Beginnings.

An ethnographer and a multimedia storyteller meet on a ship and a business is born. Two Midwesterners, by way of California, end up in New Orleans, where they call home.

Meg Kinney

Meg is a Sustainability Communications & Brand Strategy executive with more than 20 years’ experience creating brand value and market differentiation across consumer goods, retail, and non-profit sectors. She leverages the tools of social science and design thinking to understand stakeholder behavior, identify relevant cultural context, and develop strategy. Meg is an intrapreneur with natural curiosity about people and what inspires willingness to change. 

It is her gift for storytelling and her ability to make complexity approachable and actionable, that inspires others to embrace change. She has built a reputation for being collaborative and shifting mindsets across functions and stakeholders.

She is an executive marketing veteran who came from the heartland of America and subsequently worked on the frontiers of just about every kind of agency specialization: design, branding, digital, activation, shopper. Clients have included Fortune 500 CPG brands, Climate Tech startups, traditional retailers, and emerging sectors. 

Meg founded Bad Babysitter – a brand strategy consultancy focused on using an ethnographic approach to illuminate market opportunity and to inspire human-centered solutions to business challenges.

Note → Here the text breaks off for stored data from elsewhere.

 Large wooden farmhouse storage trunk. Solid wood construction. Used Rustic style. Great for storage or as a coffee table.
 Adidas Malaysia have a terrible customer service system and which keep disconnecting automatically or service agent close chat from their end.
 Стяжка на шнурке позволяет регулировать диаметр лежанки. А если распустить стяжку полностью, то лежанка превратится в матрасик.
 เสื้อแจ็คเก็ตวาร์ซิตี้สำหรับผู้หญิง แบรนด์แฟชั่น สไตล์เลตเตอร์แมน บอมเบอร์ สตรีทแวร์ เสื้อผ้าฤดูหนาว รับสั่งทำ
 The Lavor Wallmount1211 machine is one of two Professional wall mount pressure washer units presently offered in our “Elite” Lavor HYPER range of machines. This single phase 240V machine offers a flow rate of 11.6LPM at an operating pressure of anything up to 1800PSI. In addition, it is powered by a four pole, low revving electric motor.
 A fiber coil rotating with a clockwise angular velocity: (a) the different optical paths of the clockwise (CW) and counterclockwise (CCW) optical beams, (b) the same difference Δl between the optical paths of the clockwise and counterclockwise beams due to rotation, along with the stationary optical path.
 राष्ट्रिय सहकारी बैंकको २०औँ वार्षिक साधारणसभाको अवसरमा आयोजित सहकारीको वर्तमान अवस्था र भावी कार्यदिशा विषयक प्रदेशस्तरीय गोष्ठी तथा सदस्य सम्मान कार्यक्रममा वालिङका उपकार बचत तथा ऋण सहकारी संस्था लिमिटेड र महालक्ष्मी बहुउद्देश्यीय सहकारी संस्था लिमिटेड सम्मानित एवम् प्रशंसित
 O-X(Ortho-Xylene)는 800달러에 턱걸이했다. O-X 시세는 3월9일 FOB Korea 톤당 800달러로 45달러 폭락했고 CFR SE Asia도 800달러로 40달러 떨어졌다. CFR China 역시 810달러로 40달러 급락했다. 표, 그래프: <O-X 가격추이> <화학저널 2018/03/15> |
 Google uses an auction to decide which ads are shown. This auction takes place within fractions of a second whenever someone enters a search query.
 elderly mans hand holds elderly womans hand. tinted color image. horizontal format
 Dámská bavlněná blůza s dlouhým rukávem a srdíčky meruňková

In 2023 she completed a Masters in Global Sustainability Leadership to help brands develop their narrative relative to circular business models, environmental justice, and resilience in the value chain.  

Hal Phillips

I am a storyteller at heart who passionately believes in multimedia as a means to foster human connection, reaction, and participation in the world around us. I studied Philosophy and started my career at CNN International putting together news packages for international audiences, before moving to China and embedding in a culture diametrically opposed to our own. I enjoy hanging out with people who are not like me.

During the first dotcom boom, I moved to San Francisco where I worked for CNX Media – a startup that provided news-style packages with robust, customized web components on the topics of health, travel, and consumer finance for local television affiliates. From there, I ran the public access TV studio in Berkeley, CA that facilitated the efforts of local citizens to create and broadcast stories, content, and programming that mattered to them, in their own voices. Here, I developed and ran workshops that educated the public on news-magazine style shooting and editing, as well as fostered a community for storytelling and activism.

Throughout, I’ve molded myself into an ethnographic filmmaker, editor, and digital storyteller using the mediums of video and photography.